It would be worth running comparative performance tests on the two filesystems, because there are big potential performance wins on several fronts. In-filesystem compression isn't everything, slows all file operations down and, when used without error correcting codes onto an unreliable medium, risks major data loss.
Martin Guy 4 March 2006
Jörn Engel is currently working on a new flash file system called logfs. It is not yet clear if it will hit the mainline kernel in time for consideration for the first generation laptop, but it is progressing fast. It should combine all the advantages listed for either for the two file systems above with a new clean design. In particular, the mount time and memory footprint is independent from the device size, unlike the existing file systems.
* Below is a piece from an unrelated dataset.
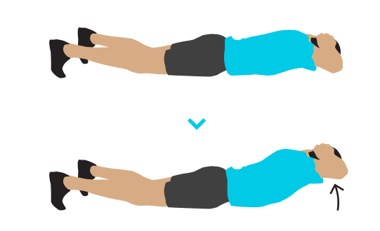 2. Прижмите подбородок к груди (будто удерживаете под ним теннисный мячик) и поднимите плечи и верх груди от пола, удерживая ноги прижатыми к полу.

I don't think that YAFFS can be considered an option for OLPC at this point because of missing compression and the quality of the code.
arnd 12 March 2006
Some corrections to the YAFFS marketing blurb:
- Error correction is done by the NAND subsystem and not by the filesystem. It's a necessarity for NAND FLASH and the NAND subsystem provides that protection since the very beginning. JFFS2 just uses whats there. No need to reinvent the wheel.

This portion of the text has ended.